The latest production of Ben Affleck, Argo, won the Oscar for Best Picture and Best Adapted Screenplay, and was considered by many critics as Affleck's best movie. Dana Stevens calls it "easily the most cohesive and technically accomplished of Affleck’s three films so far." And to be honest, the movie accomplishes its purpose.
Argo tells the story of the escape of six Americans who left the U.S. Embassy in Tehran right before it was overrun, and were offered shelter by Canadian diplomats.
Affleck offers a good dosage of documentary style espionage, continued by a good satire of Hollywood movie industry, and for the last part he combines both for an intriguing climax, with an enemy depicted intelligent enough to create a thrilling finale, which ends in an interesting airport chase. Now it's time to add to it a bit of "this all really happened", well except for that climax, and then you have an Oscar winner. But again, it's a movie's nature to dramatize an escape which was "as smooth as silk", as Antonio Mendez, the man that Affleck plays in the film, explains himself. Otherwise there will be no movie, or at least not a Hollywood one.
Not to forget that Affleck has done a good job of recreating the late 70's of Iran considering that he has never been to Iran and was not able to shoot within its borders. The movie is shot in Turkey, but the buildings and bazaar are quite like the iranian version of late 70's.
Ben Affleck insisted that the film is only loosely "based on a true story" and as so, it doesn't make sense to do a fact-check with the history of the hostage crisis, although some have done so. But at the same time, it's impossible to deny the fact that it was a true story, with real people, real lives and real states at stake. So, the political interpretations of the movie were not few, ranging from critics to diplomats. These interpretations took a more serious tone when Argo was given the Academy Award for the Best Picture by the First Lady of United States, Michelle Obama.

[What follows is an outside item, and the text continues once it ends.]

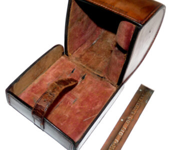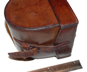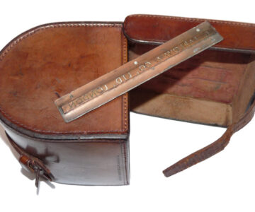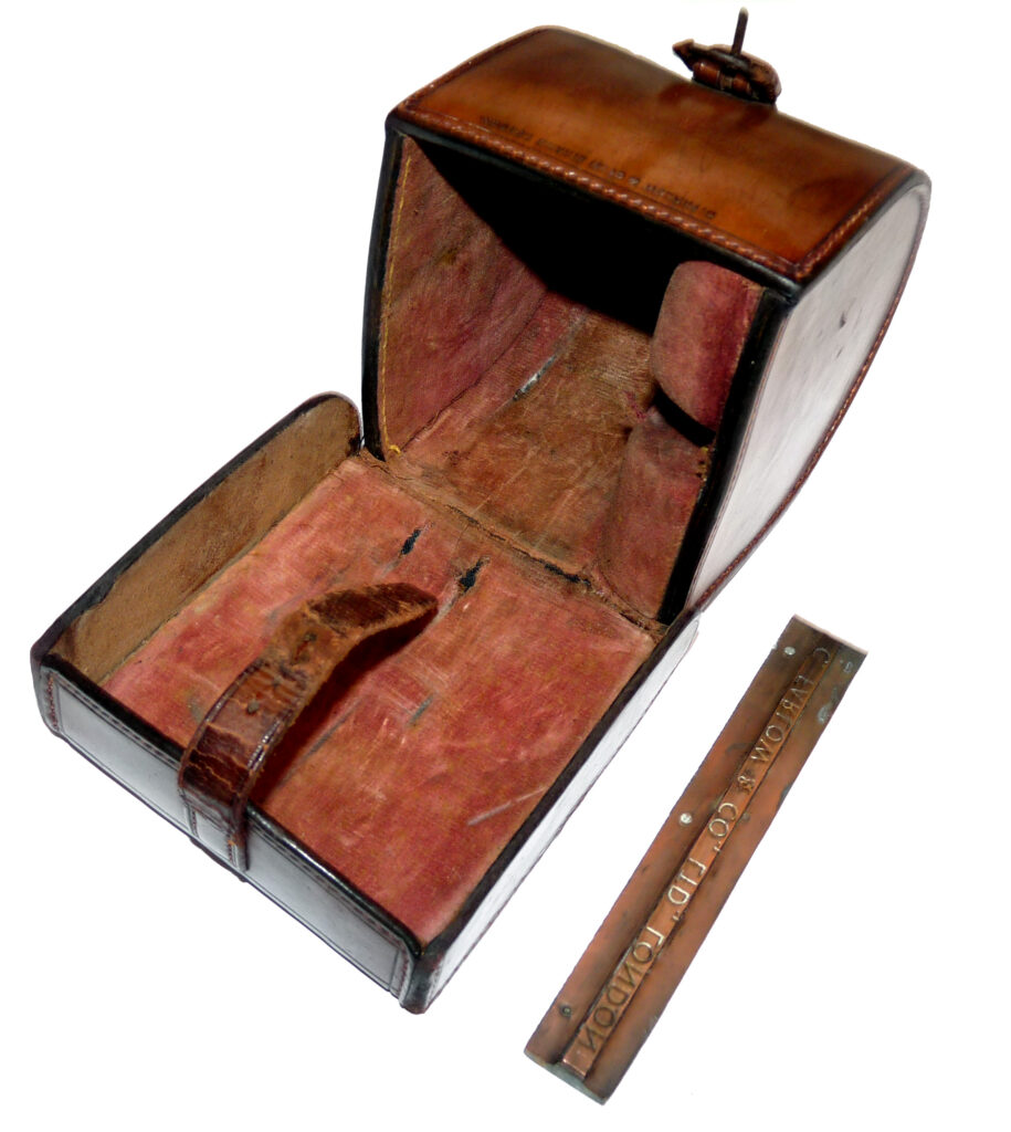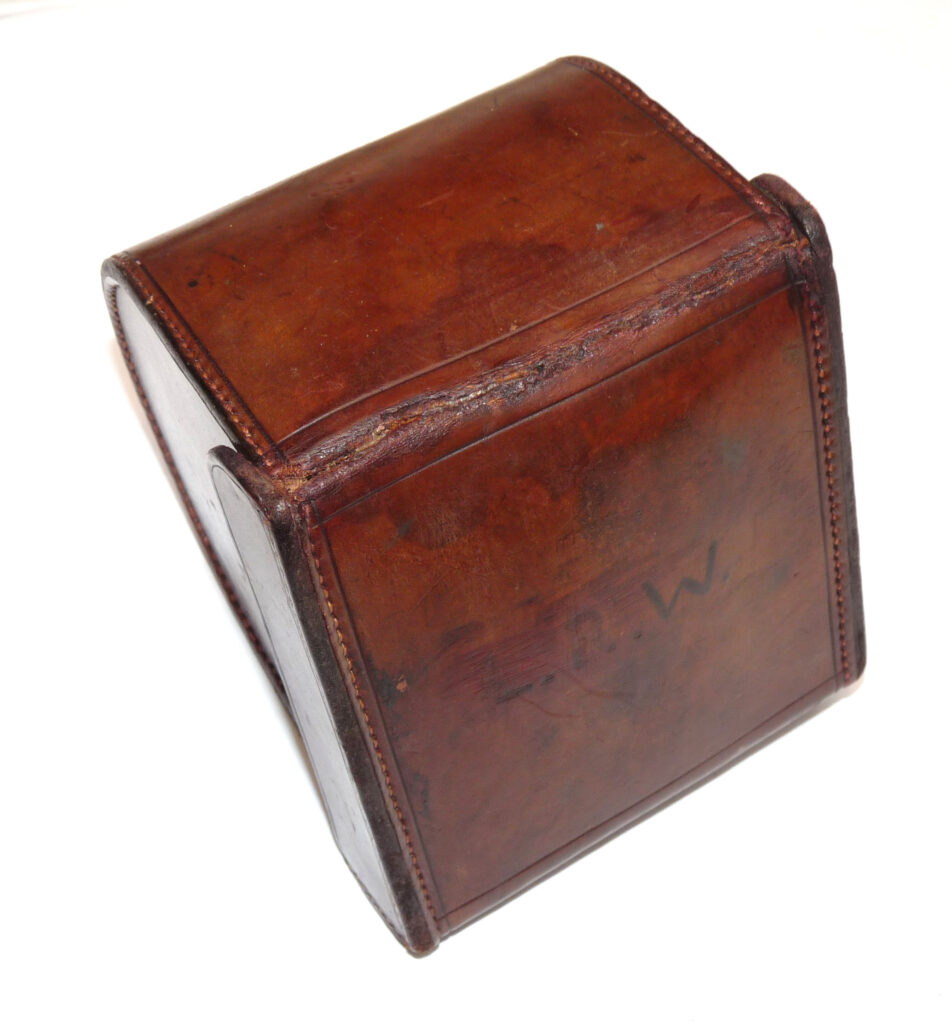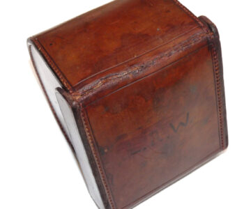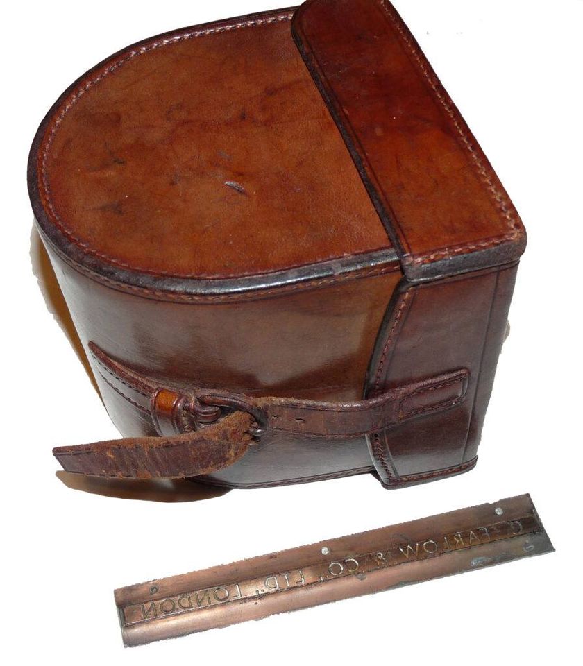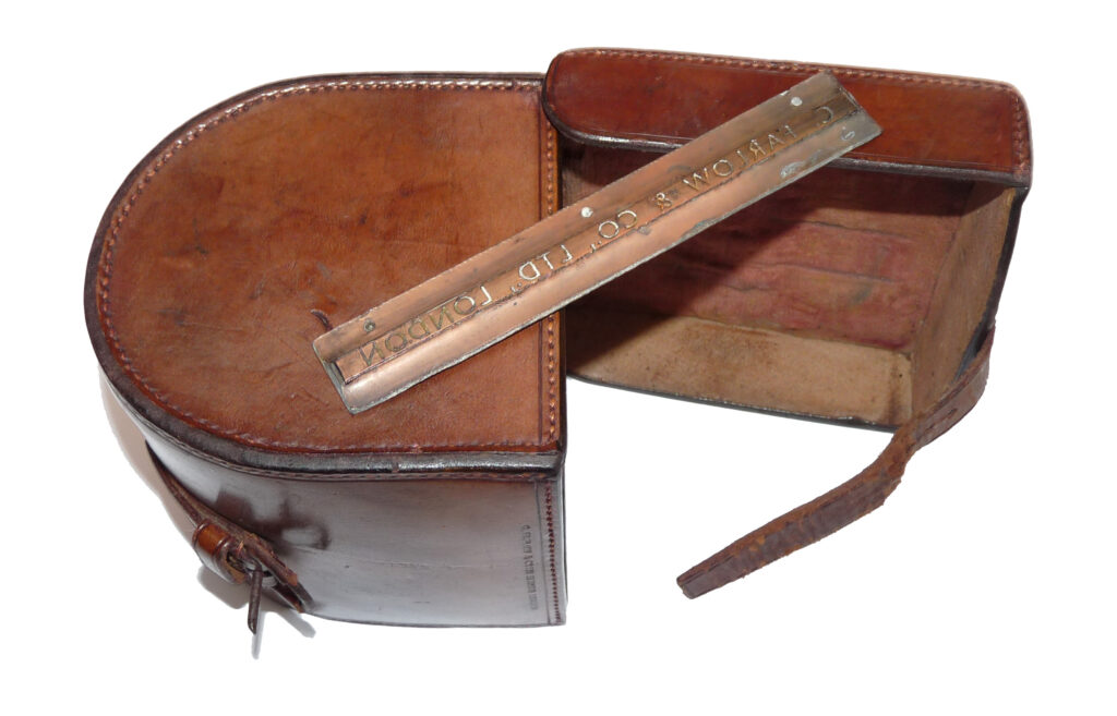 C. Farlow & Co., 191 Strand, London block leather reel case with original strap & buckle. The case with fit a 4” wide drum fly reel, such as a salmon perfect. Internally the case measures 62mm wide and with a 20mm deep handle slot. Owner’s initials “LRW” to the lid, rich patina to the case, great to display & protect your reel & comes with an early Farlow brass copper printing block, 130mm x 20mm, good display piece.

First complaints came after the premiere of the movie in Toronto, when Ken Taylor, Canadian Ambassador in Tehran in 1979, said "that we're portrayed as innkeepers who are waiting to be saved by the CIA." According to Mr. Taylor the plan was principally executed by Canadians. It was him who cabled Washington to begin the rescue plan, and who bought the tickets, which in the movie are bought in the last moment by the US government. Canadians even scouted Tehran's airport and sent people in and out to obtain detailed information about visas and controls in the airport. None of these appears in the movie and Canadian role is downplayed in Argo. Maybe that explains why Ben Affleck felt obliged to "thank Canada" upon receiving the award.
On the other hand, the film shows that Britain and New Zealand turned their back to the six Americans, which is considered as false by diplomats from both countries who were present in Tehran during the hostage crisis.
It's no surprise that Hollywood wants to glorify the American role in the hostage crisis. From this point of view, Argo can be classified as one of those movies in which the american hero saves the day, just in a more modern and realistic way, not fighting the classic Hollywood villain.
It's not the first time, a movie related to Iran wins an award at Oscars. Last year "A Separation" by Iranian director, Asghar Farhadi, won the Academy Award for Best Foreign Language Film, becoming the first Iranian movie to win an Oscar. This time an American film about Iran wins the Best Picture Award, reflecting the origins of more than thirty years of frustrated and fully blocked Iranian-American relations and to some extent, the growing interest inside the United States to address one of the most emblematic issues of U.S. foreign policy.